### INSTRUCTIONS FOR THE TASK
Set the listing down again in full, word for word, with the pictures left out.

### DATASET EXCERPT

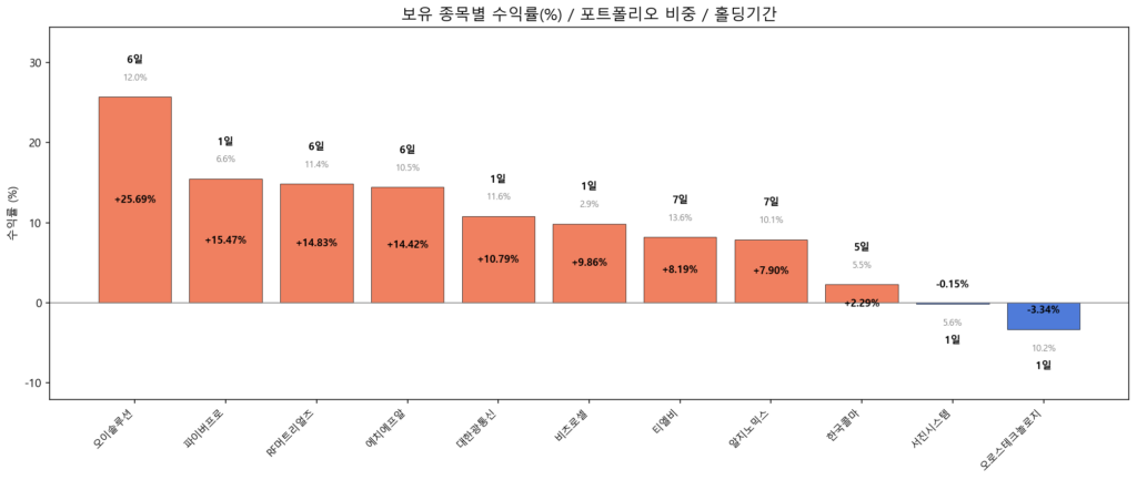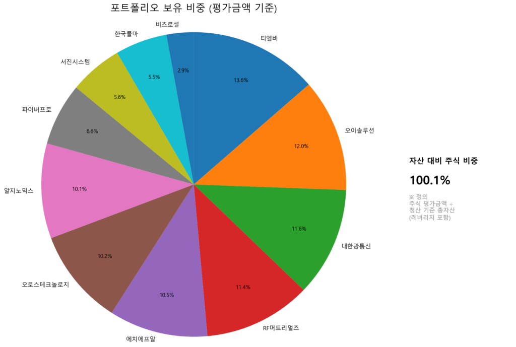 주식 비중은 대략 100.1%다. 아마 오늘 내로, 오로스테크놀로지를 조금 매도하고 한국콜마를 추가 매수하지 않을까 생각한다. 고민 중이다.
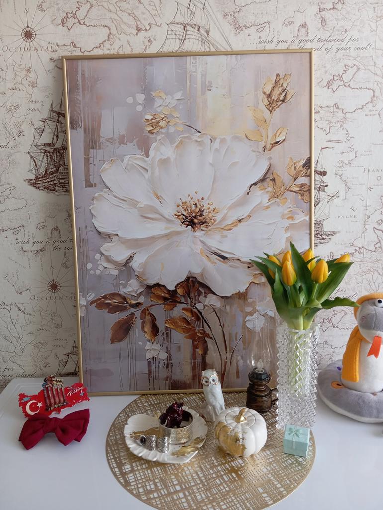 Abstract White Flower Oil Painting Printed on Canvas, Luxury Flower Posters and Prints Floral Wall Art Porch Living Room Decor — buy online with free worldwide shipping!
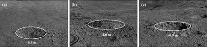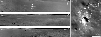 已有研究結(jié)果顯示,位于著陸區(qū)西北方向的織女撞擊坑的一條濺射紋恰好穿過了著陸點(diǎn)附近區(qū)域,而濺射紋內(nèi)常??梢娪蔀R射物形成的二次撞擊坑?!坝裢枚枴毖惨晠^(qū)確實(shí)還能觀察到若干個(gè)內(nèi)部和周邊均存在碎塊狀物質(zhì)的米級和亞米級的新鮮撞擊坑(如下圖所示)。結(jié)合橢圓撞擊坑的長軸方向推斷,這些新鮮撞擊坑應(yīng)當(dāng)為織女撞擊坑濺射物形成的二次撞擊坑。
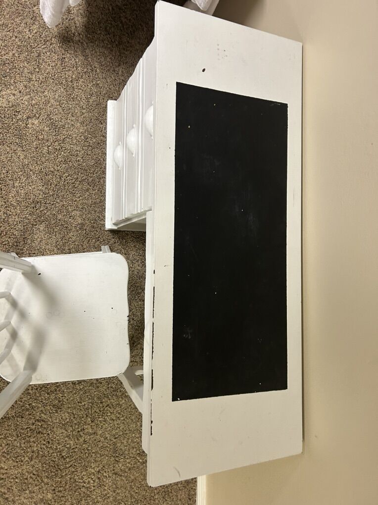 Length 47inch Height 30inch Width 18inch Located Syracuse  Has a chalkboard painted on it

### ANSWER BOX
 주식 비중은 대략 100.1%다. 아마 오늘 내로, 오로스테크놀로지를 조금 매도하고 한국콜마를 추가 매수하지 않을까 생각한다. 고민 중이다.
 Abstract White Flower Oil Painting Printed on Canvas, Luxury Flower Posters and Prints Floral Wall Art Porch Living Room Decor — buy online with free worldwide shipping!
 已有研究結(jié)果顯示,位于著陸區(qū)西北方向的織女撞擊坑的一條濺射紋恰好穿過了著陸點(diǎn)附近區(qū)域,而濺射紋內(nèi)常??梢娪蔀R射物形成的二次撞擊坑?!坝裢枚枴毖惨晠^(qū)確實(shí)還能觀察到若干個(gè)內(nèi)部和周邊均存在碎塊狀物質(zhì)的米級和亞米級的新鮮撞擊坑(如下圖所示)。結(jié)合橢圓撞擊坑的長軸方向推斷,這些新鮮撞擊坑應(yīng)當(dāng)為織女撞擊坑濺射物形成的二次撞擊坑。
 Length 47inch Height 30inch Width 18inch Located Syracuse  Has a chalkboard painted on it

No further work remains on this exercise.